I have invented a new anxiety: COVID-19 Closure Anxiety. Over the past few days as discussions take flight regarding a return to whatever will be our new normal, I keep getting the feeling that I should have accomplished more during these 34 days I have been self-quarantined and feeling anxious that I haven’t.
It doesn’t make any sense for me, as I have been lucky enough to keep just over half the workload I have during a normal March and April. There has been considerable juggling of duties and priorities, but I have worked most days, albeit for fewer hours.
Somehow you just don’t “feel” as busy when you aren’t stopping to run here or there. And meetings take less time in Zoom, as do doctor and other consultation-type appointments. I keep thinking I had this big block of stay-at-home time and have nothing to show for it.
So, this week, I started doing some “stuff” and self-analyzing what the problem is. The main problem with my Closure Anxiety is that it isn’t based in reality, as I haven’t had that much free time.

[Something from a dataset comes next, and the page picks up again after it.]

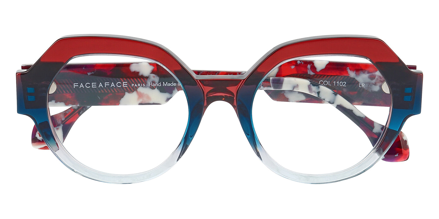 TIES 2 Eyeglasses by Face A Face. Material: Acetate, Color: Ultra Blue Transparent, Cassis Tortoise, Frozen Bordeaux Degrade, Mauve, Black, Crystal Green Rose, Size: 51-20-140.

But I have learned that the second problem is that “free time” wasn’t the missing piece of the “To Do” list I have in my mind. Here’s what I mean: I found time to add in the things I really enjoy.
- I have been cooking more. I love to cook but never seem to “have time.” Found time for that.
- I have been calling and catching up with friends beyond Facebook. It’s been so good to hear voices, to have actual back-and-forth conversations and to catch up. Found time for that.
- I hate my cluttered email, so I bulk-trashed thousands. Found time for that.
- I untangled and organized my necklaces and matched-up all my socks, throwing away the singles. Found time for that.
- I started organizing my digital photo library and may find a little more time for that.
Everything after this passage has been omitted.